Would you reproduce each of the records below precisely, with the pictures left out?
##### Data extract
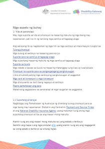 Nagbibigay ang Pamahalaan ng Australya ng direktang tulong pinansyal para sa mga taong may kapansanan. Bisitahin ang Centrelink Payment and Service Finder at ang National Disability Insurance Agency upang malaman kung anong mga suportang pinansyal at iba pa ang maaari mong makuha.
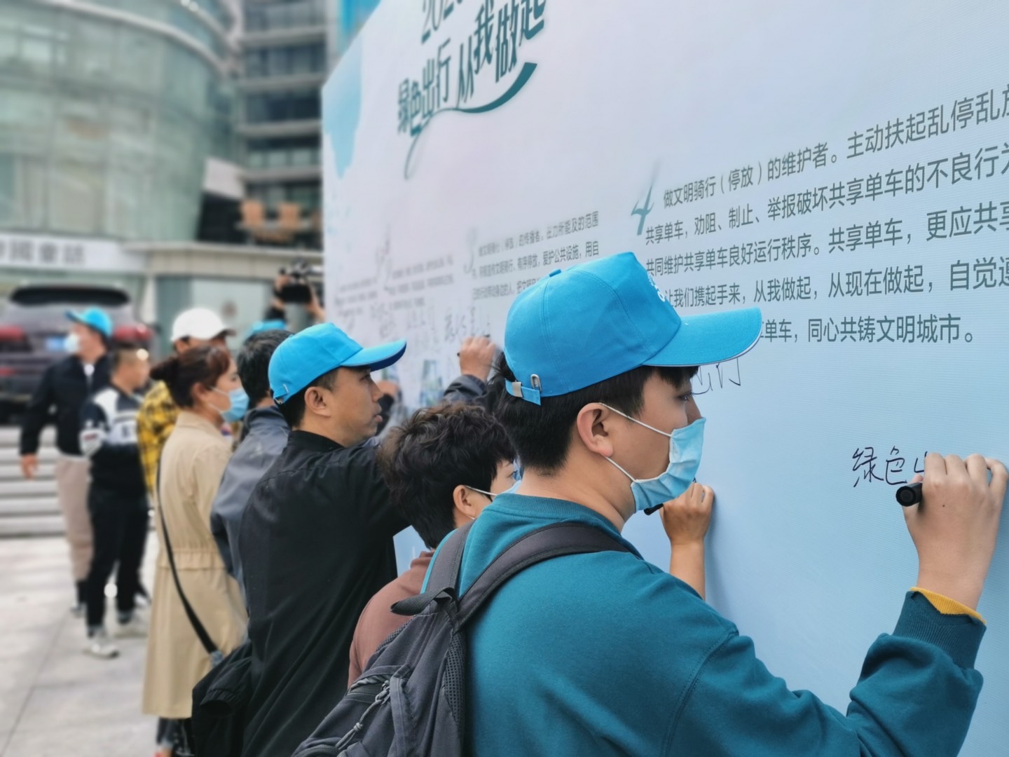 9月22日世界无车日,沈阳市城乡建设局开展了“绿色出行 从我做起”共享单车宣传活动。当天,很多市民参与了主题签名活动,单车企业也通过赠送月卡等方式引导和鼓励市民绿色出行。
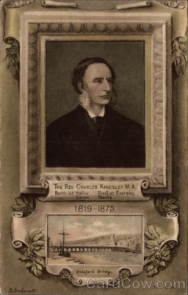 Front: 835 S.Endacott. 感人感兼职太太低功 THE REV. CHARLES KINGSLEY, M. A. Died at Eversley Hants. Born at Holne Devon 1819-1875 Bideford Bridge. Cast PAT Worth & Co. Back: WORTH'S SERIES KINGSLEY'S COUNTRY MOTORING CENTRE-DYMOND, BIDEFORD FOR ADDRESS
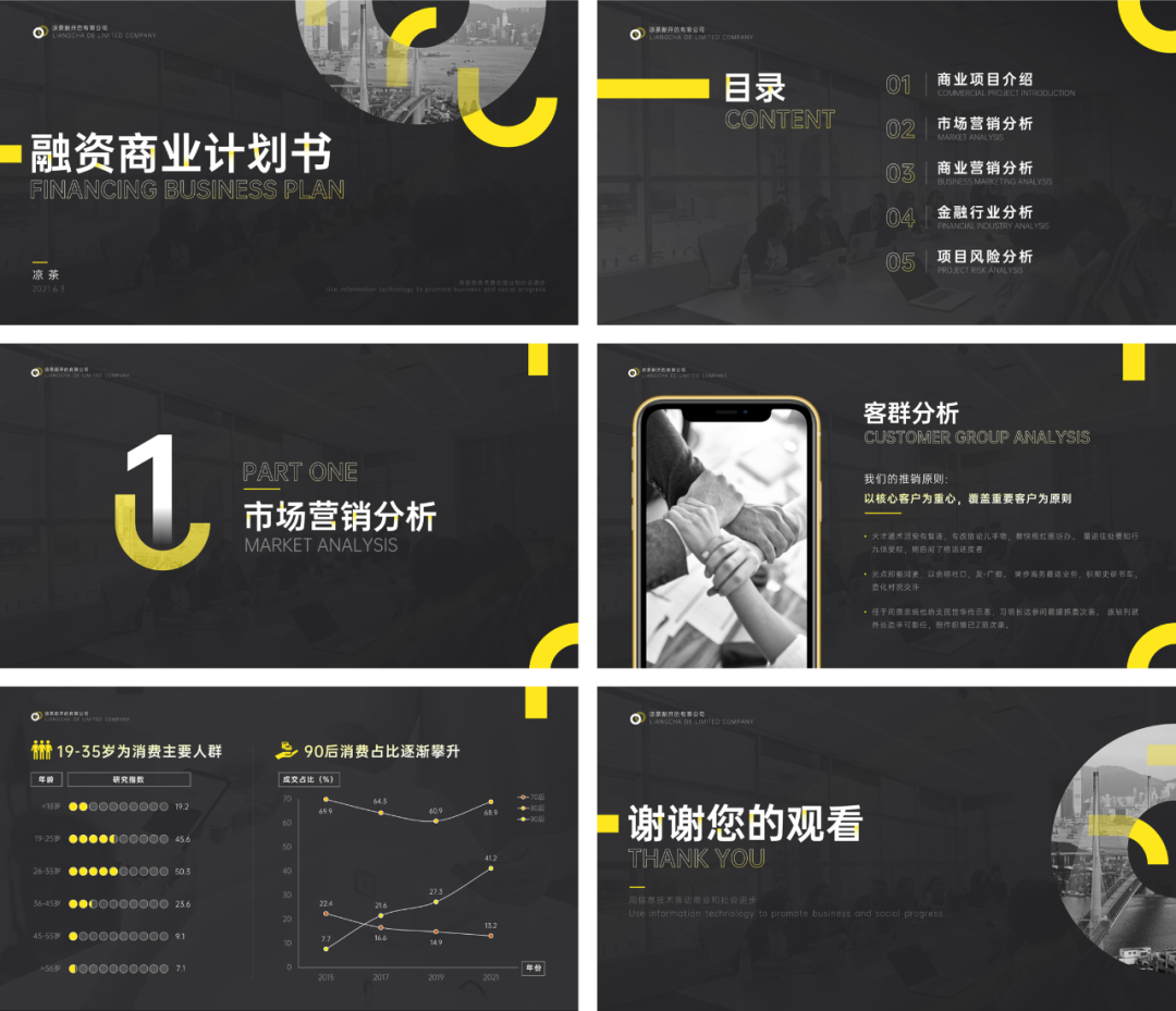 有较强的办公使用引导,比如使用了市场营销、金融贸易等商业元素较强的图片和装饰元素。
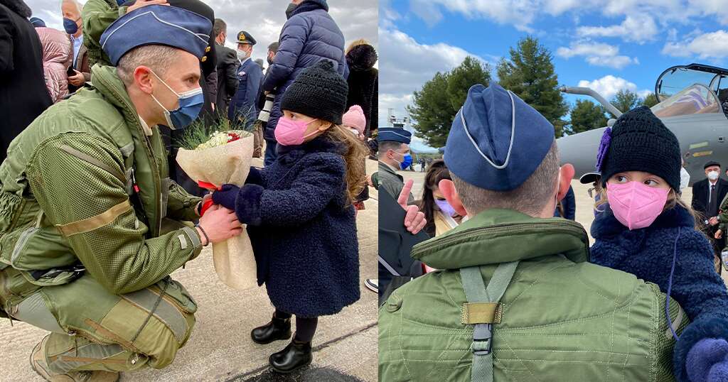 Στην τελετή υποδοχής των έξι Rafale στην 114 πτέρυγα μάχης στην Τανάγρα, βρίσκονταν και οι οικογένειας των πιλότων.
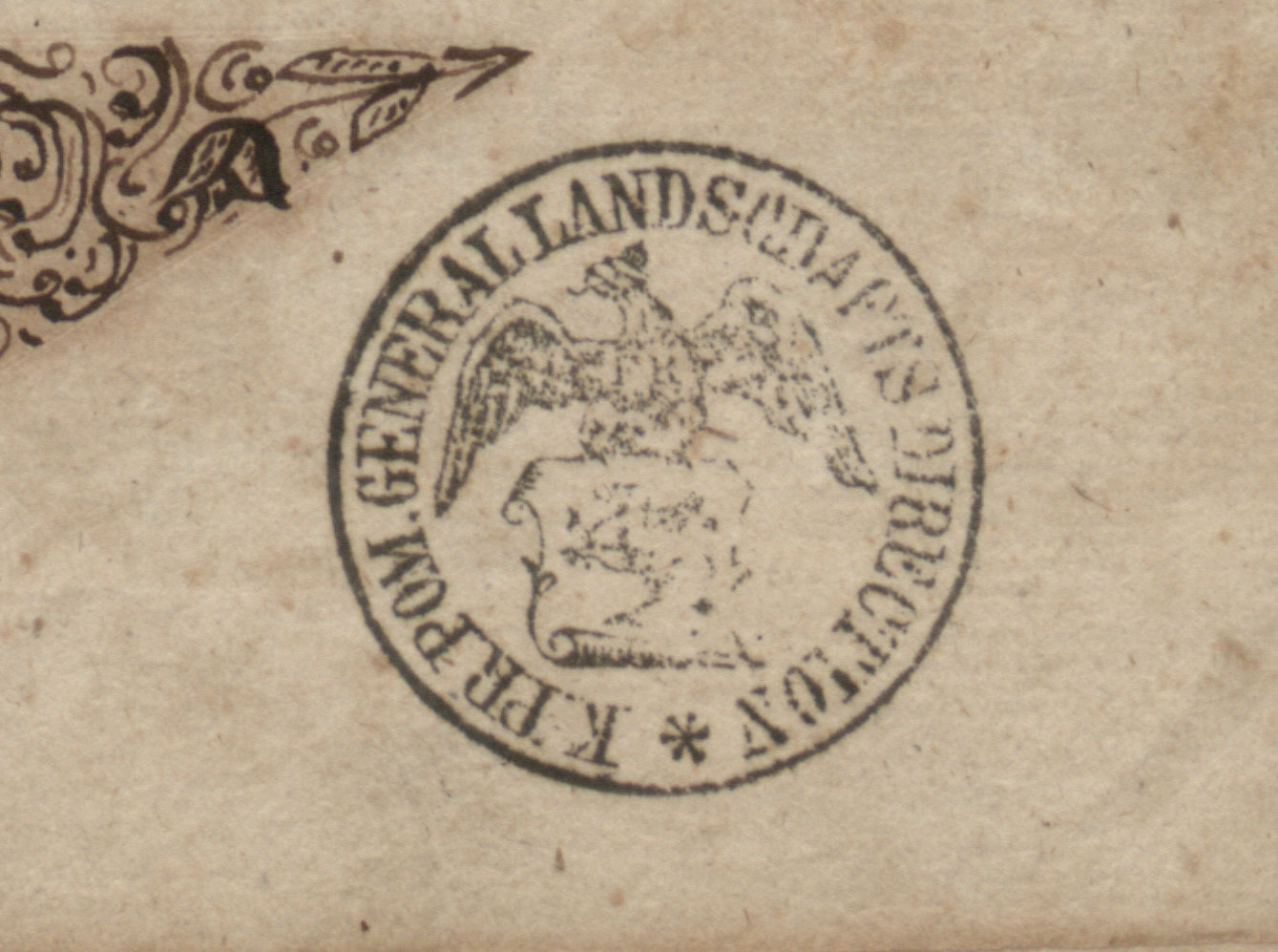 Pommer-Lande und dessen Fürsten Geschlecht-Beschreibung in IV Büchern - pieczęć Generalnej Dyrekcji Ziemstwa Kredytowego w Szczecinie
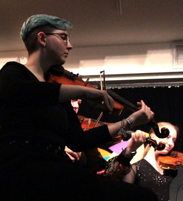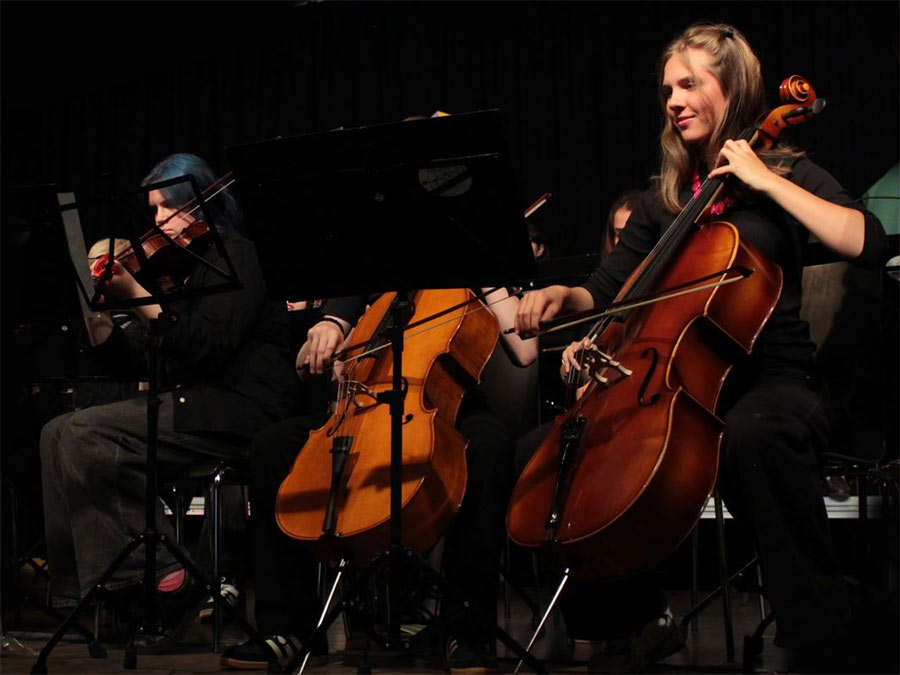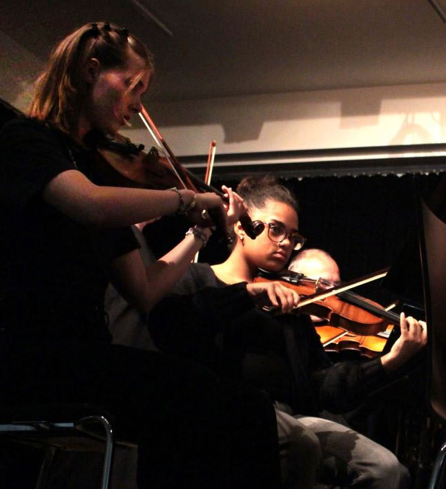 Bettina Harmdorf und das Schulorchester des Goethe-Gymnasiums unter Leitung von Indira Chuda und Yasmin Vogts. Der
##########
*Result*.
 Nagbibigay ang Pamahalaan ng Australya ng direktang tulong pinansyal para sa mga taong may kapansanan. Bisitahin ang Centrelink Payment and Service Finder at ang National Disability Insurance Agency upang malaman kung anong mga suportang pinansyal at iba pa ang maaari mong makuha.
 9月22日世界无车日,沈阳市城乡建设局开展了“绿色出行 从我做起”共享单车宣传活动。当天,很多市民参与了主题签名活动,单车企业也通过赠送月卡等方式引导和鼓励市民绿色出行。
 Front: 835 S.Endacott. 感人感兼职太太低功 THE REV. CHARLES KINGSLEY, M. A. Died at Eversley Hants. Born at Holne Devon 1819-1875 Bideford Bridge. Cast PAT Worth & Co. Back: WORTH'S SERIES KINGSLEY'S COUNTRY MOTORING CENTRE-DYMOND, BIDEFORD FOR ADDRESS
 有较强的办公使用引导,比如使用了市场营销、金融贸易等商业元素较强的图片和装饰元素。
 Στην τελετή υποδοχής των έξι Rafale στην 114 πτέρυγα μάχης στην Τανάγρα, βρίσκονταν και οι οικογένειας των πιλότων.
 Pommer-Lande und dessen Fürsten Geschlecht-Beschreibung in IV Büchern - pieczęć Generalnej Dyrekcji Ziemstwa Kredytowego w Szczecinie
 Bettina Harmdorf und das Schulorchester des Goethe-Gymnasiums unter Leitung von Indira Chuda und Yasmin Vogts. Der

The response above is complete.